So if we keep thinking.. "oh that old unwanted thing from the past", we will never see it..

Winners are only winners in a given scenario.. its good to have choice, even against all boards and standards i prefer to decide from myself, than to have others to do that decision for me..

This is technology, not fashion.


Thank you for taking the time to write that, instead of linking to that one comic that everyone links to in these threads about competing standards.

Although I'm not sure why you say "quasi" standard. XML and JSON seem like pretty robust standards to me, and they should both be around for a long time.


Why do we always want to declare a winner?

To be fair, MessagePack seems to be throwing down the gauntlet with their tagline. The parent comment also makes some important points that anyone considering the two should be aware of.


sigh Why do we always have to misconstrue messages that conflict with our personal beliefs? :)

The GP was not declaring a winner. He was responding to overreaching title of the link. Yes there are similarities to JSON, and yes it may be faster and smaller, but only in certain cases. It is very relevant for the GP to point out that in the most common JSON cases (browser communication), those claims are basically false or only marginal.

This is reasoned argumentation, not arbitrary judgement to declare The One.


>> MessagePack has issues with UTF-8

> MessagePack only stores bytes. It's up to you to decide how to interpret those bytes.

Then it's not really "like JSON" is it? I'm not saying that it is a bad thing or that it isn't a better option for many current uses of JSON but the "like JSON but fast and small" is a misleading pitch.


How's that? Just use UTF-8 for your strings and you're on par with JSON, no?


JSON can't carry binary data because it must be UTF-8. Glancing over the spec, msgpack commits the complementary sin, it can't carry UTF-8 data because it can only carry binary data. Yes, it is possible to stuff some UTF-8 bytes into a binary, but you still semantically have a binary, which could be anything. You must bring additional external information to the party to know what that binary hunk actually is.

In theory this may sound like no big deal; in practice I've observed in similar cases it's a disaster. Average developers routinely muck this up (and that's just me being conservative, above-average ones can choke on this problem too). msgpack really ought to have a dedicated string type, and either declare that this string is always a particular encoding, or give a way to declare what encoding the string is in. (The second is more flexible and arguably more correct, but in something like this where there's going to be dozens of libraries trying to implement it, it is virtually guaranteed that a number of them will muck the variable encoding support up badly, so in practice I'd go with mandatory UTF-8 too.)

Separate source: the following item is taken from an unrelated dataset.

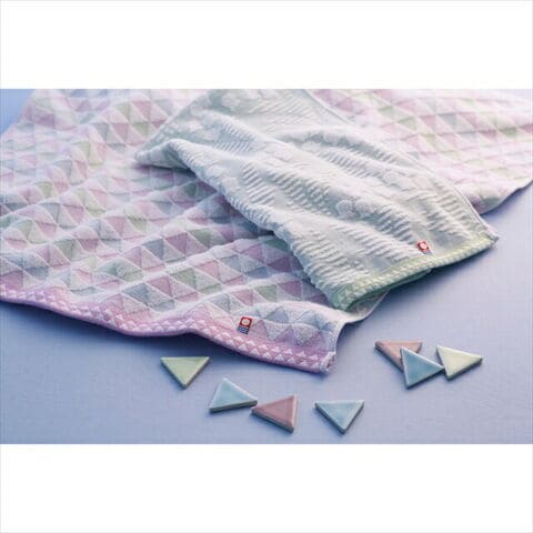 | やさしさの花言葉を持ち春の訪れとともに咲くすずらんと色とりどりのさんかく模様に北欧エッセンスを加えた居心地の良いタオルです。 |
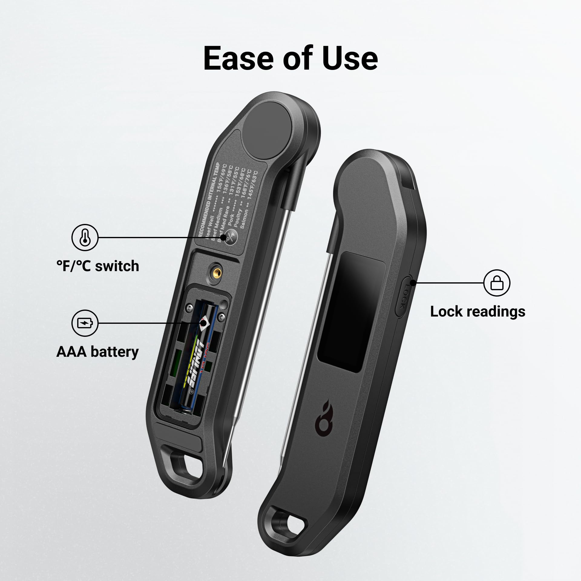 - Motion-Activated, Easier to Use: Built for ease of use and precise performance, this cooking thermometer features a responsive motion-sensing mechanism for quick wake-up and energy-saving sleep. The auto-rotating display makes it accessible for both right-handed and left-handed users, ensuring a comfortable and intuitive cooking experience.

For me JSON's strength is that you can throw typed data in simple structures straight at it and be confident of getting the same out the other end without worrying about the exact details of the encoding. If you exceed the supported types you have to work harder but in great many cases that is not necessary.

If MsgPack doesn't let me throw strings, numbers plus arrays and dictionaries containing arbitrary further structures without me having to worry about defining the encoding it isn't on par.

Obviously any sane data format can contain any data but not equally easily or efficiently.


I did a quick test on some JSON data I use in my webapps; ~100k-1M blobs, mostly numbers. gzipped MessagePack data was just about the same size as gzipped JSON data. If you care about size on the wire over HTTP, then MessagePack may not be an improvement. It's amazing how well gzip compresses the stupid ASCII encoding of numbers in JSON.


Doesn't have to be stupid. A normal integer in binary representation ALWAYS consumes 4 bytes. With string representation you have 1000 numbers that will beat that as they only need <=3 characters. Numbers in that range are actually used very frequently.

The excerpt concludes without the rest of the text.